■ Source data:

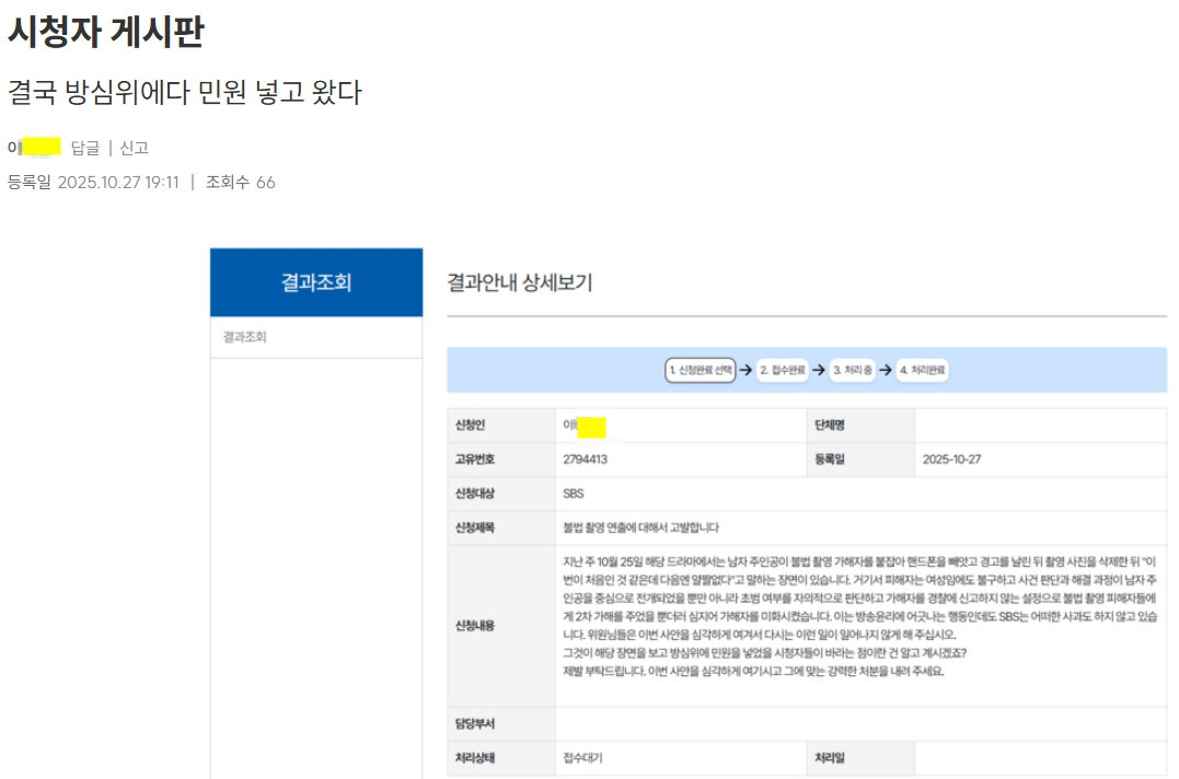 작성자가 공개한 캡처 사진에 따르면 그는 방심위에 SBS를 대상으로 '불법촬영 연출에 대해 고발한다'라는 제목의 민원을 제기했다.
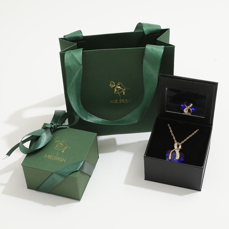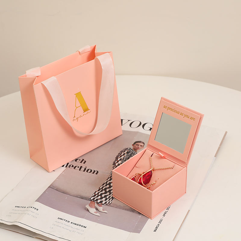 กล่องเครื่องประดับหรูหราพร้อมกระจก พิมพ์โลโก้ได้ บรรจุภัณฑ์กระดาษแข็ง ชุดกระเป๋าถือและของขวัญสำหรับสร้อยคอและแหวน
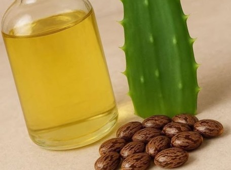 - In a clean bowl, mix the castor oil and aloe vera gel until well combined.
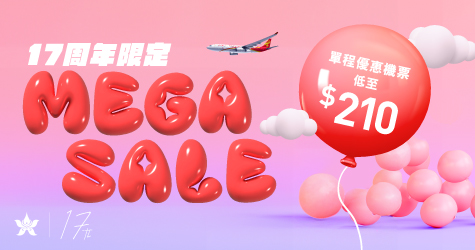 大公文匯全媒體報道,為慶祝成立17周年,香港航空將於下周一(11月27日)起至12月4日,推出一連8天限時機票優惠,提供逾5萬張單程機票,票價低至210元起,涵蓋中、日、韓、泰等共14個航點,優惠下周一早上10時開始,航點、出發日期及詳細票價稍後公布。
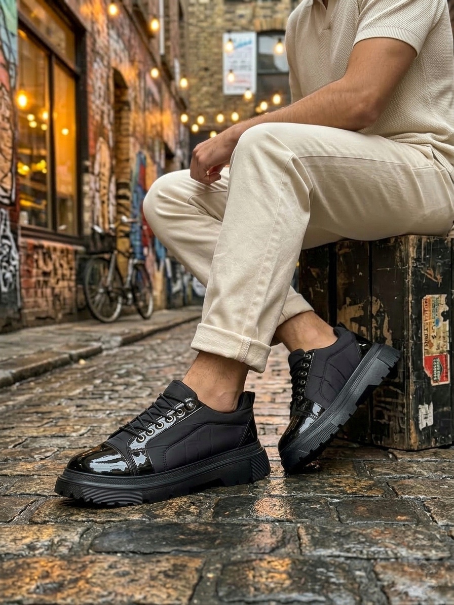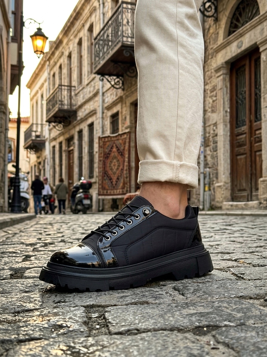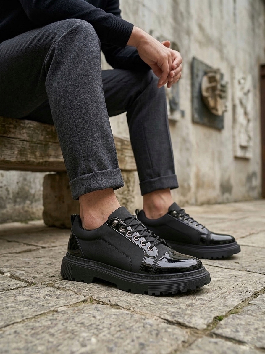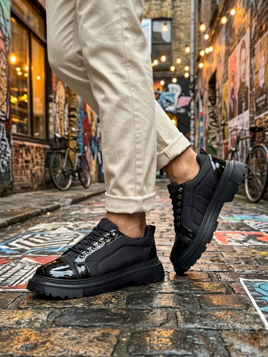 MirgeShoes Siyah Akıllı Lastik Bağcık Erkek Rugan Günlük Ayakkabı Paraşüt Detaylı Yüksek SYH Taban MRG010602563

■ What to work on: Set out nothing but the lines from the line with "- In a clean" through the end of the material, reproduced exactly, both ends included, pictures omitted.

■ Answer area:
 - In a clean bowl, mix the castor oil and aloe vera gel until well combined.
 大公文匯全媒體報道,為慶祝成立17周年,香港航空將於下周一(11月27日)起至12月4日,推出一連8天限時機票優惠,提供逾5萬張單程機票,票價低至210元起,涵蓋中、日、韓、泰等共14個航點,優惠下周一早上10時開始,航點、出發日期及詳細票價稍後公布。
 MirgeShoes Siyah Akıllı Lastik Bağcık Erkek Rugan Günlük Ayakkabı Paraşüt Detaylı Yüksek SYH Taban MRG010602563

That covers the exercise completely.